組み込み開発を、実機で体系的に学びませんか?

クミタテでは、ESP32・電子回路・IoT開発を学べる オンライン教材を公開しています。無料会員向け教材も利用できます。

無料会員登録して教材を見る Googleアカウントなら簡単に登録できます

【電気回路の問題】複雑な分岐回路の合成抵抗は何Ω?直列・並列を使った解き方

突然ですが、電気回路の問題です。

複数の抵抗と分岐で構成された次の回路について、A–B間の合成抵抗は何Ωになるでしょうか?

抵抗の数が多く、分岐も何段かあるため、一見すると難しそうに見えます。

しかし、直列接続と並列接続になっている部分を順番にまとめれば、簡単な回路へ変換できます。

先に答えをお伝えすると、A–B間の合成抵抗は、

10Ω

です。

なぜ10Ωになるのか、順番に解説します。

「小さい抵抗だけに電流が流れる」は間違い

最初に、よくある考え方を紹介します。

今回の回路には、4Ωと8Ω、6Ωと10Ωなど、抵抗値の異なる経路が存在します。

そこで、

電流は抵抗値の小さい方へ流れる

と考え、小さい抵抗だけを通る経路を選ぶとします。

この考え方では、次のような経路をたどることになります。

  • 最初に6Ωを通る
  • 4Ωと8Ωの分岐では4Ωを選ぶ
  • 次の分岐では6Ωを選ぶ
  • 最後の4Ωと8Ωの分岐では4Ωを選ぶ

すると、6+4+6+4=20

となり、合成抵抗は20Ωだと考えてしまいます。

しかし、これは正しくありません。

並列回路では両方の経路に電流が流れる

抵抗値が異なる2つの経路が並列になっている場合、電流は小さい抵抗だけを流れるわけではありません。

両方の経路に電流が流れます。

ただし、抵抗値の小さい経路には多くの電流が流れ、抵抗値の大きい経路には少ない電流が流れます。

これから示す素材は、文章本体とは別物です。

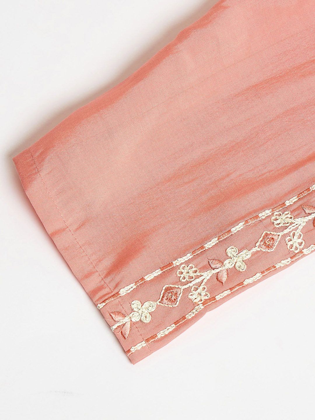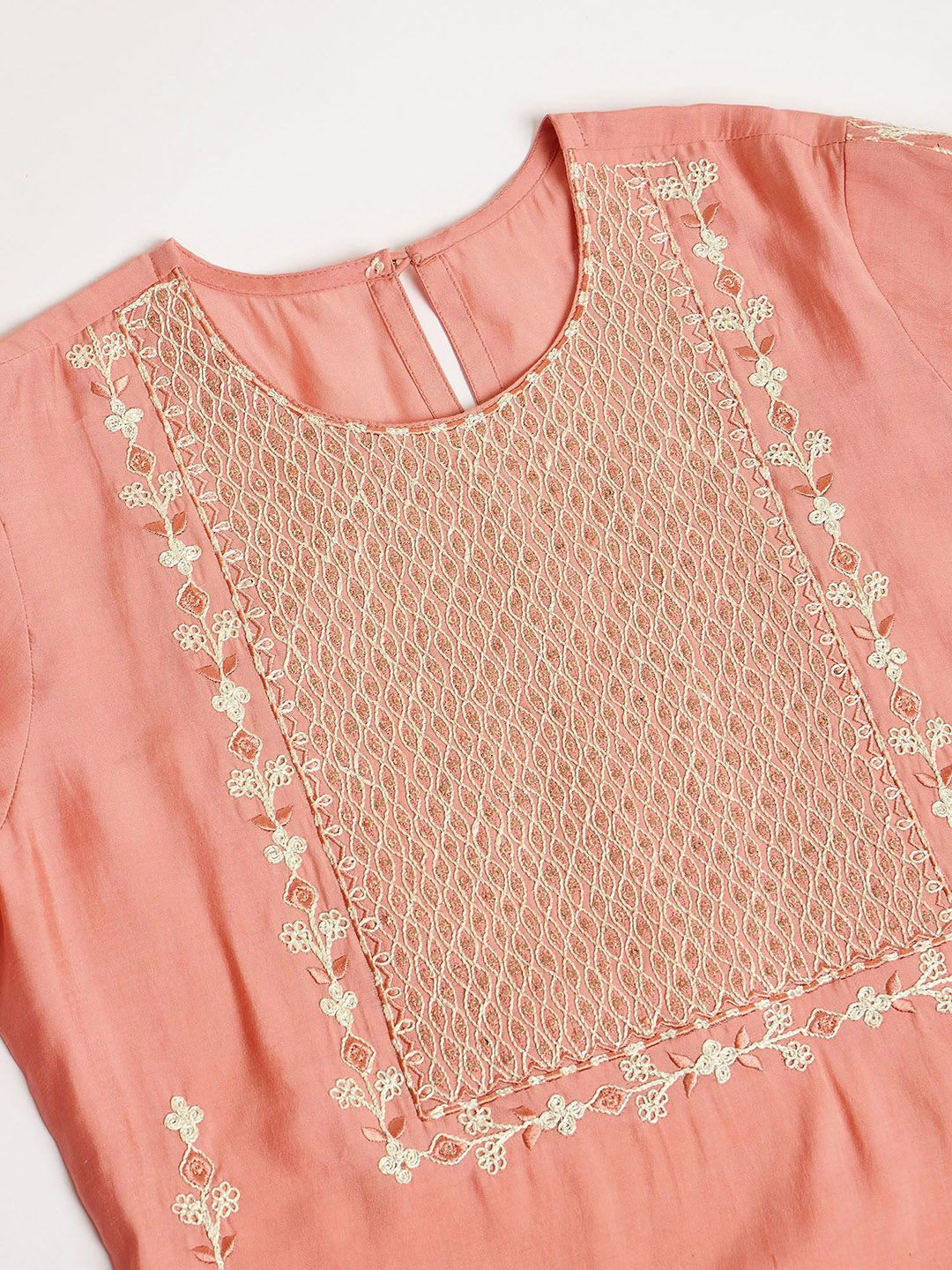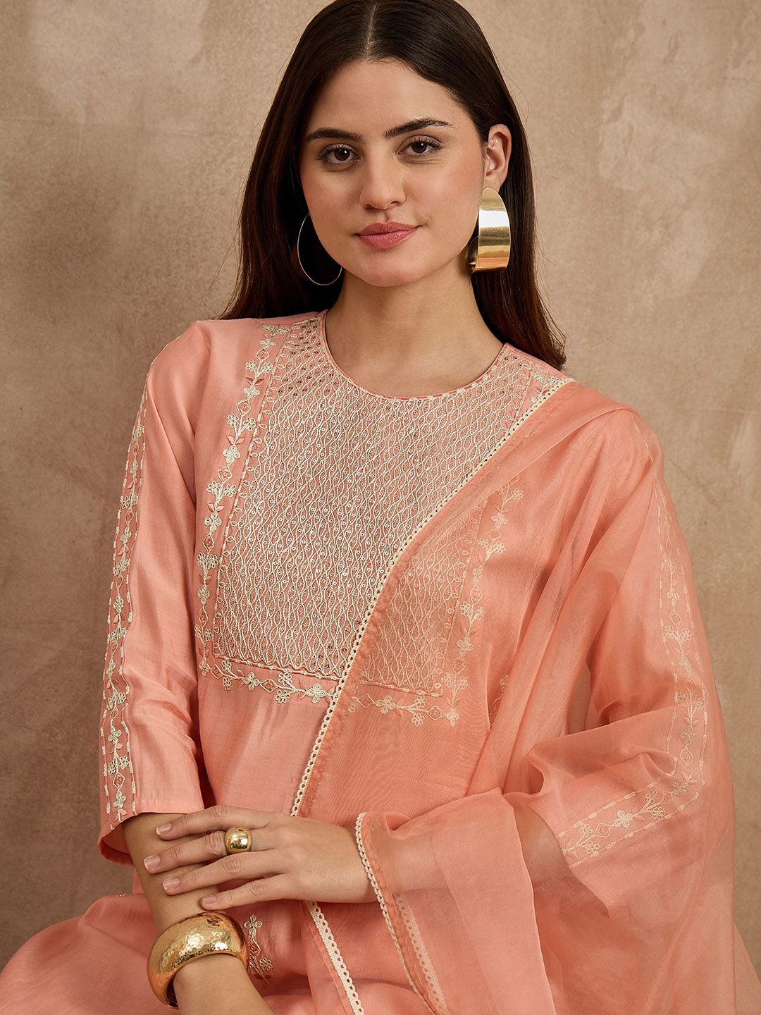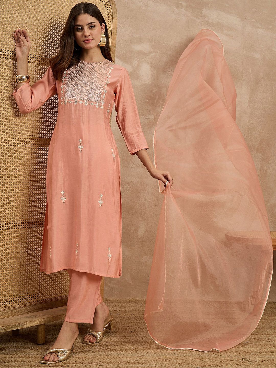 all about you Embroidered Round Neck Sequinned Straight Kurta With Trousers & Dupatta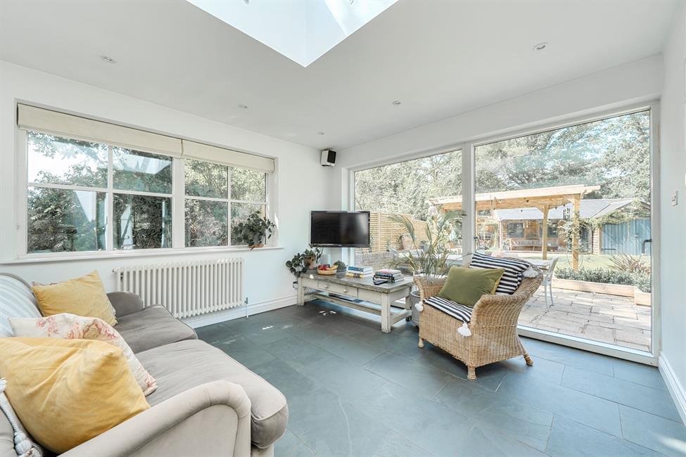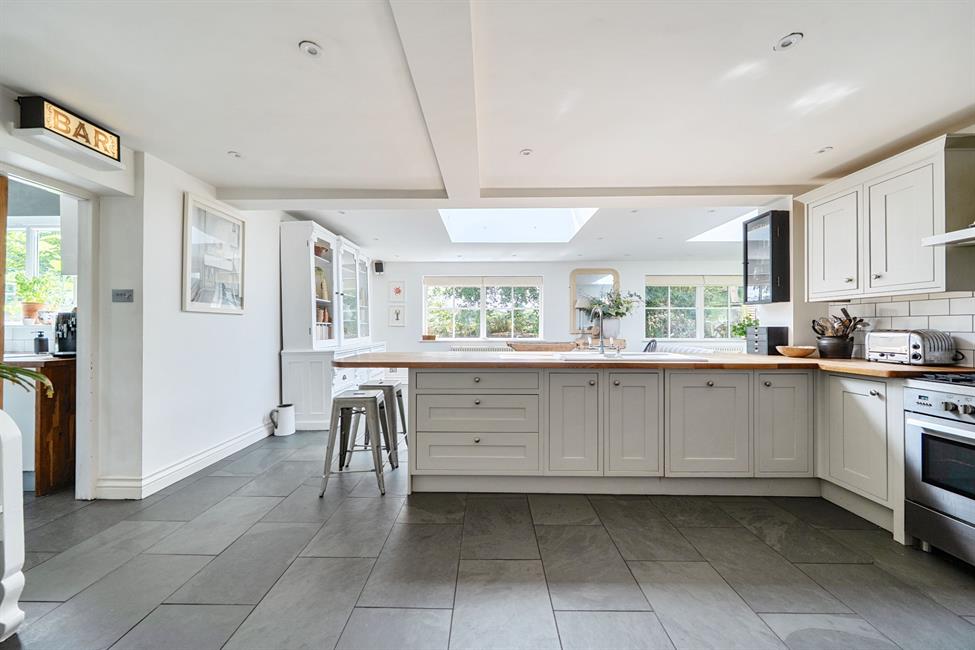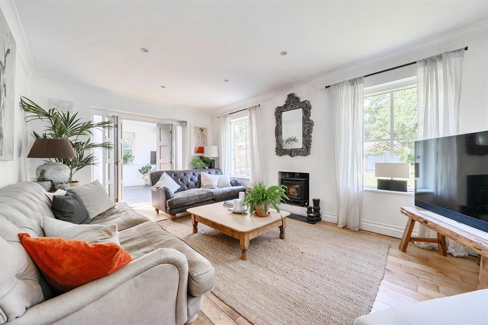 A spacious and welcoming reception hall sets the tone for the rest of the home, leading to a beautifully designed kitchen that seamlessly opens into a bright and airy dining/family room, enhanced by striking roof lanterns that flood the space with natural light. The double aspect living room enjoys picturesque views over the gardens and is centred around a charming wood-burning stove—perfect for cosy evenings.

したがって、特定の経路だけを選び、その抵抗値を足し合わせても、回路全体の合成抵抗を求めることはできません。

複雑な回路は端から整理する

今回のように抵抗と分岐が多い回路では、全体を一度に理解しようとすると混乱しやすくなります。

まずは、明らかに直列または並列になっている部分を探しましょう。

ポイントは、

まとめられる部分から、1つずつ抵抗をまとめる

ことです。

10Ωと2Ωの直列接続をまとめる

最初に、回路の右側にある10Ωと2Ωの抵抗に注目します。

【10Ωと2Ωを強調した図を挿入】

この2つの抵抗の接続点には、ほかの分岐がありません。

そのため、10Ωと2Ωは直列接続です。

直列接続の合成抵抗は、抵抗値を足し合わせて求めます。\[ 10+2=12\Omega \]

したがって、10Ωと2Ωを1つの12Ω抵抗へ置き換えることができます。

【10Ωと2Ωを12Ωへ変換した図を挿入】

同じ電位間につながる抵抗を探す

次に、配線でつながっている点を電位ごとに色分けします。

【電位を色分けした回路図を挿入】

理想的な配線では、途中に抵抗などの部品がなければ、配線で直接つながっている点は同じ電位になります。

各抵抗の図上の向きではなく、

  • 抵抗の一端がどの電位につながっているか
  • もう一端がどの電位につながっているか

を確認します。

同じ2つの電位間につながる抵抗は、並列接続です。

6Ωと12Ωを並列の4Ωへ変換する

右側にある6Ωと、先ほど計算した12Ωに注目します。

この2つの抵抗は、どちらも同じ2点間につながっています。

したがって、6Ωと12Ωは並列接続です。

並列接続の合成抵抗は、次の式で計算します。

1/R=1/6+1/12

通分すると、

1/R=2/12+1/12=3/12=1/4

したがって、R=4Ω

です。

6Ωと12Ωの並列接続を、1つの4Ω抵抗へ置き換えます。

【6Ωと12Ωを4Ωへ変換した図を挿入】

4Ωと8Ωの直列接続をまとめる

回路を書き換えると、先ほど求めた4Ωと8Ωが直列に接続されていることが分かります。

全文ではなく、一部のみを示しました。